Microsoft and Nvidia Will Soon Make Up Nearly 42% of a Major Tech Fund

Green takes the top spot. And we're not just talking about the Boston Celtics. Yesterday, Nvidia ($NVDA) surpassed Microsoft ($MSFT) to become the world's most valuable company — pushing Apple ($AAPL) down to third place. Whether you like it or not, Nvidia is becoming even more significant in portfolios — especially for those invested in the $71B Technology Select Sector SPDR Fund ($XLK), which has risen 23% this year, outperforming both the Nasdaq-100 and S&P 500.

  • By this week's end, the tech ETF will rebalance, with Nvidia and Microsoft each representing ~21% of the fund — a jump for Nvidia from its previous 6% share.

  • Due to the rebalancing, the fund will acquire over $10B of Nvidia shares — reducing Apple's share from 22% to ~4.5%.

Buy high, sell higher?
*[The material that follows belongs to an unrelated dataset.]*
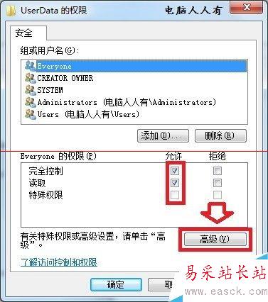 8、點擊允許下的完全控制和讀取選項(務必選中對勾)▶確定,再點擊底下的高級進行設置。

Nvidia insiders have capitalized extensively on the company's rally, selling over $700M in shares this year — the highest in a half-year period since early 2023. Despite the selling spree, no insider purchases have been made since 2020. Combined with the Nasdaq-100 hitting record highs on Monday, it suggests that the AI-driven market rally might be at risk of faltering.